=== GIVEN ENTRIES ===

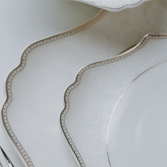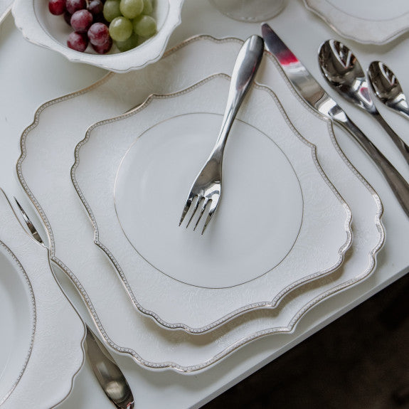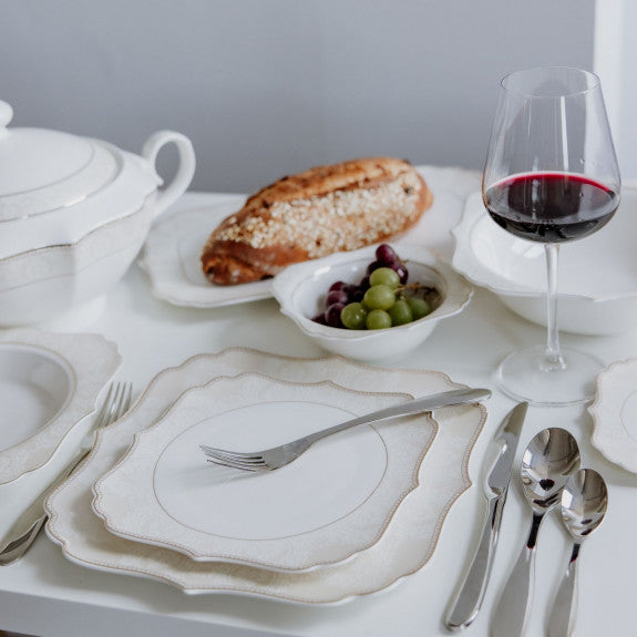 Studio 18-piece dinnerware set for 6 features a unique plate shape and attractive border design that makes it a great addition to your tableware collection. It will add beauty to any dinner party, events, family dinners, and even for everyday use. This dinnerware set includes 6 pieces each of dinner plate, soup plate, and salad plate. The elegant and classic design and cream color of these plates add sophistication and style to your table scape and complements the rest of your table décor accessories. Made of bone china, each of these plates offers durability and their color and quality remain the same, after years of long use. Impress your guests by serving them on these unique elegant shape and design plates. The set is for serving 6 people. The perfect gifting accessory too for thanksgiving, Christmas, Hanukkah, and festival dinners.
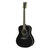 Guitarra acústica Dreadnought com tampo abeto (Engelmann) maciço A.R.E., ilhargas e costas pau santo maciço, marcações: Abalone, braço mogno/pau santo de 5 camadas, escala ébano - 650mm, Pickup Piezo passivo, afinadores Yamaha dourados, acabamento black brilhante.
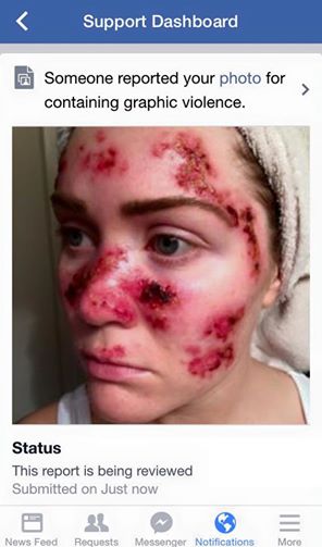 Luna trecuta, in timpul unei sedinte de tratament de la dermatolog, femeia si-a postat pe contul de socializare acest selfie pentru a avertiza persoanele care obisnuiesc sa foloseasca solarul de pericolul la care se expun, scrie metro.co.uk.
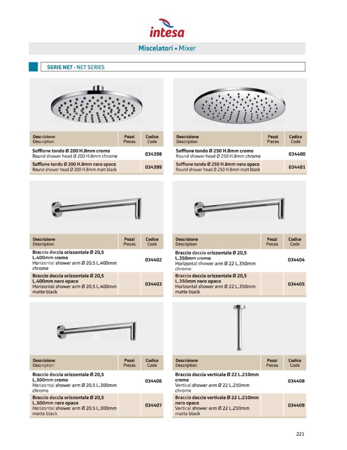 doccia verticale 0 22 L.210mm
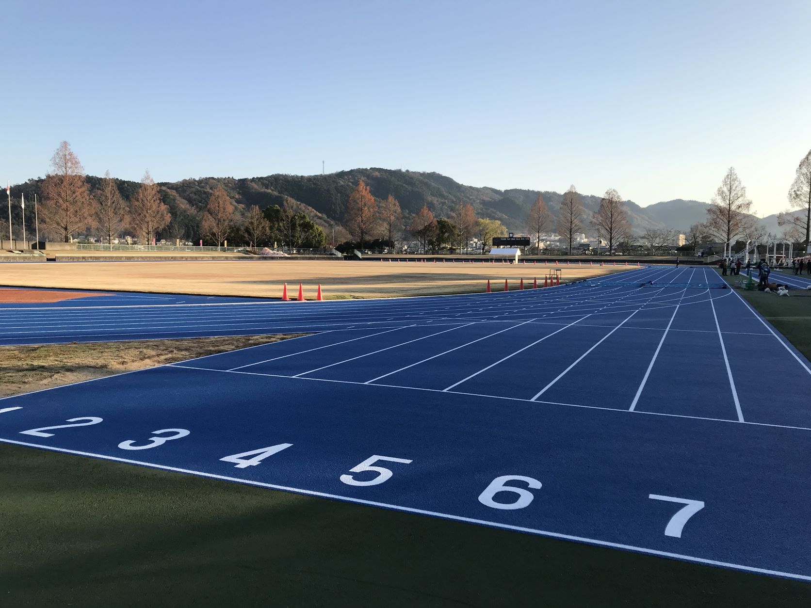 亀岡運動公園競技場のトラックは改修されて、『ブルータータン』とよばれる青いトラックになっていました。
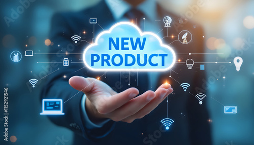 A glowing blue cloud labeled "NEW PRODUCT" hovers above a hand, surrounded by futuristic icons representing technology, innovation, and connectivity.

===

BRIEF. Nothing but the lines from the one with "doccia verticale 0 22 L.210mm" through the end of the entries above, both included, should be set down, exactly and without pictures.

RESPONSE BELOW.
 doccia verticale 0 22 L.210mm
 亀岡運動公園競技場のトラックは改修されて、『ブルータータン』とよばれる青いトラックになっていました。
 A glowing blue cloud labeled "NEW PRODUCT" hovers above a hand, surrounded by futuristic icons representing technology, innovation, and connectivity.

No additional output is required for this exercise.